In North Kingstown and East Greenwich, Wiseman speculated, the social hierarchy that existed within the schools had most likely been challenged by outsiders, and those with the power were trying to maintain the respect they command in their social groups.

"The person who has the power gets to do with that power what they want to the person who doesn't have power without consequence," she said.

The situation becomes more difficult, Wiseman said, when girls appropriate for themselves the traditional masculine characteristics -- strength and aggression, for example -- that they think best describe a high-social-status male.
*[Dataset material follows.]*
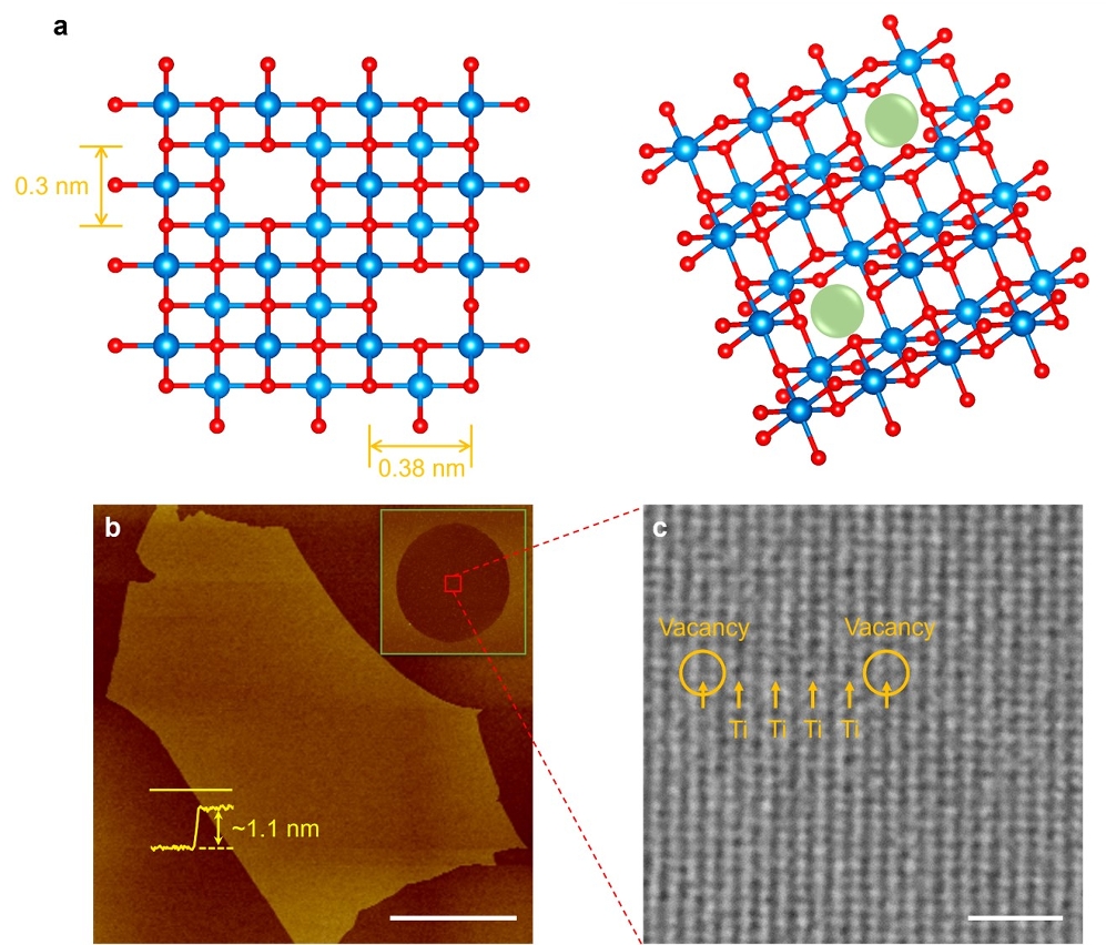 是次研究以“通过埃级多孔氧化钛实现高质子传导率(High proton conductivity through angstrom-porous titania)”为题,开创性地采用埃级多孔氧化钛二维晶体作为超薄质子交换膜。研究团队通过层间阳离子交换结合液相剥离法制备氧化钛二维晶体(图1,a-b),同时在其表面引入高密度、尺寸分布均匀的埃尺度原子孔,为高密度原子级孔道的精确构建提供新思路。

"We're so focused on trying to be strong, on telling girls to have self-esteem, that we miss the point," Wiseman said. "Self-esteem is tricky because we're so focused on teaching it to the detriment of everything else, empathy, for example, that it can create cruel behavior."

Hope for solution

But there is hope for parents and educators trying to crack the social hierarchy and empower women to end violence, Wiseman said. Parents must be willing to admit that their children could be mean and must take a realistic approach to solving difficult problems, she said.

They must hold children accountable and own up to their own mistakes, never engaging in gossip, Wiseman said. Parents and teachers should discuss values with girls and identify interactions girls have with others in which those values are not manifested or, worse yet, contradicted, she said.

It's a daunting task, Wiseman said, but not an impossibility.

"Girls are not good. They're not evil. They're messy, just like every single one of us," she said matter-of-factly. "Girls are the absolute key to other girls navigating adolescence safely, but they can also be the seeds of their own destruction."